[SUPPLIED DATA]
★ ★ ★ ★

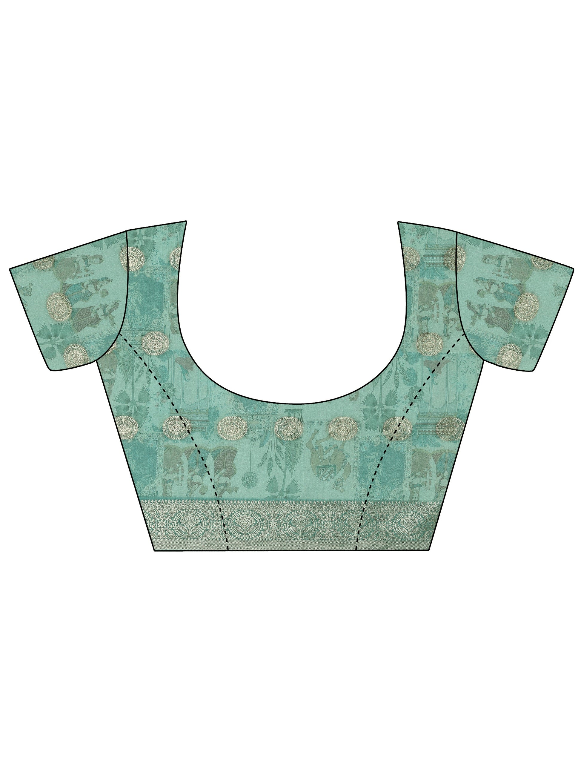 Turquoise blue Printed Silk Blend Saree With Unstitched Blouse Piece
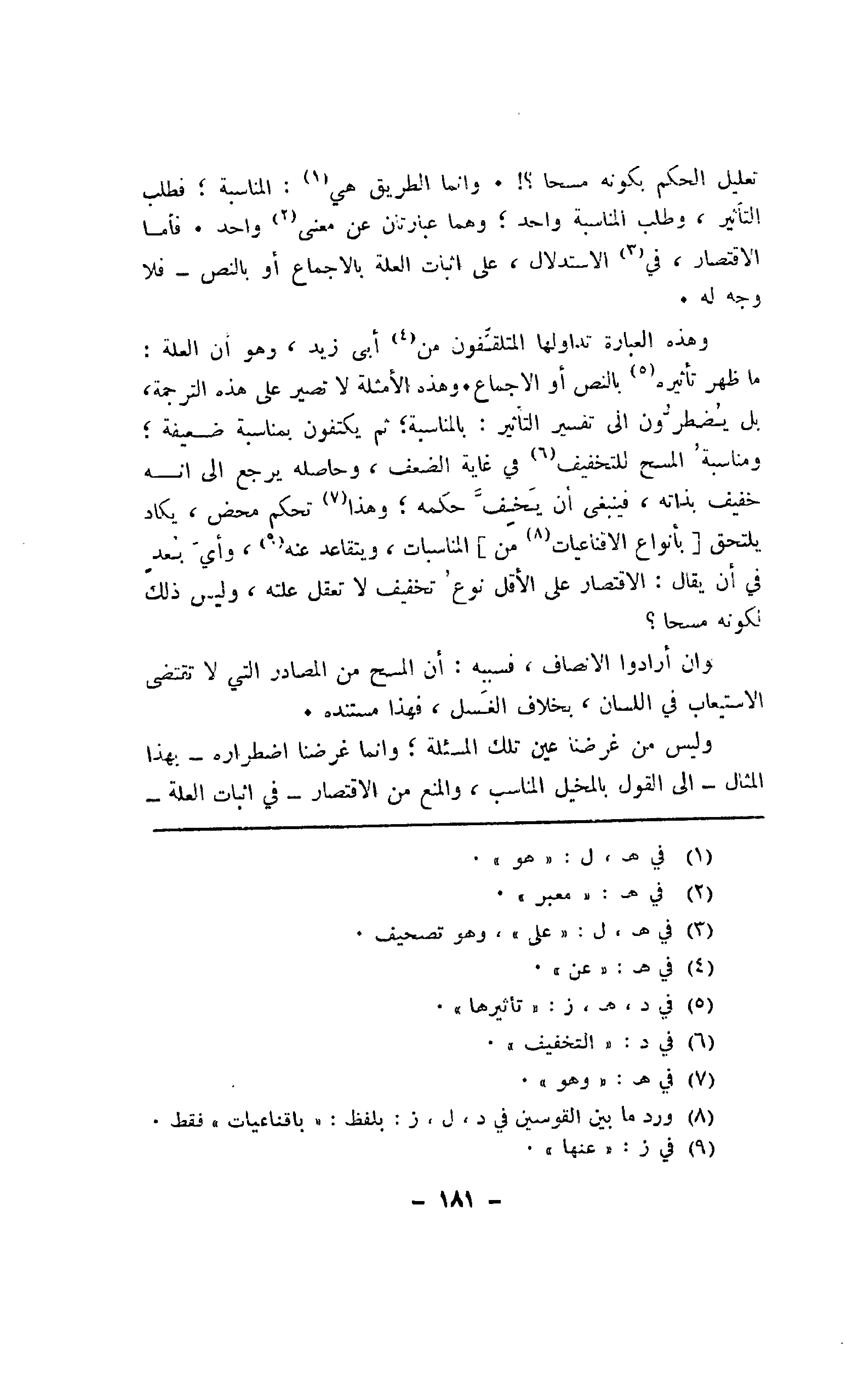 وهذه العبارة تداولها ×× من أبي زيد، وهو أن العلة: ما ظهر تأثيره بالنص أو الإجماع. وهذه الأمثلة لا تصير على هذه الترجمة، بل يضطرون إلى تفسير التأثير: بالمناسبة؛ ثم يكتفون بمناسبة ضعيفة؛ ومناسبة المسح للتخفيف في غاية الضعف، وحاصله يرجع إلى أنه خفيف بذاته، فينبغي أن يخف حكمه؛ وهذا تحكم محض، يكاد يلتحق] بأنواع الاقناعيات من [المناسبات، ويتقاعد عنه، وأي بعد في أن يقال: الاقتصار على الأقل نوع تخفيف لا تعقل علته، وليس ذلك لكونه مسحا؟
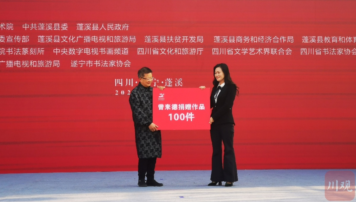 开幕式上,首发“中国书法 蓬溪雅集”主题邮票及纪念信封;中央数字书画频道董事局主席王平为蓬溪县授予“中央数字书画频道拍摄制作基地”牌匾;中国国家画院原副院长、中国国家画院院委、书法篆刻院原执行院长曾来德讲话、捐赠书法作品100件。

★ ★ ★ ★

Retype the material in full, exactly as written, and exclude the pictures.

[RESULT OF THIS TASK]
 Turquoise blue Printed Silk Blend Saree With Unstitched Blouse Piece
 وهذه العبارة تداولها ×× من أبي زيد، وهو أن العلة: ما ظهر تأثيره بالنص أو الإجماع. وهذه الأمثلة لا تصير على هذه الترجمة، بل يضطرون إلى تفسير التأثير: بالمناسبة؛ ثم يكتفون بمناسبة ضعيفة؛ ومناسبة المسح للتخفيف في غاية الضعف، وحاصله يرجع إلى أنه خفيف بذاته، فينبغي أن يخف حكمه؛ وهذا تحكم محض، يكاد يلتحق] بأنواع الاقناعيات من [المناسبات، ويتقاعد عنه، وأي بعد في أن يقال: الاقتصار على الأقل نوع تخفيف لا تعقل علته، وليس ذلك لكونه مسحا؟
 开幕式上,首发“中国书法 蓬溪雅集”主题邮票及纪念信封;中央数字书画频道董事局主席王平为蓬溪县授予“中央数字书画频道拍摄制作基地”牌匾;中国国家画院原副院长、中国国家画院院委、书法篆刻院原执行院长曾来德讲话、捐赠书法作品100件。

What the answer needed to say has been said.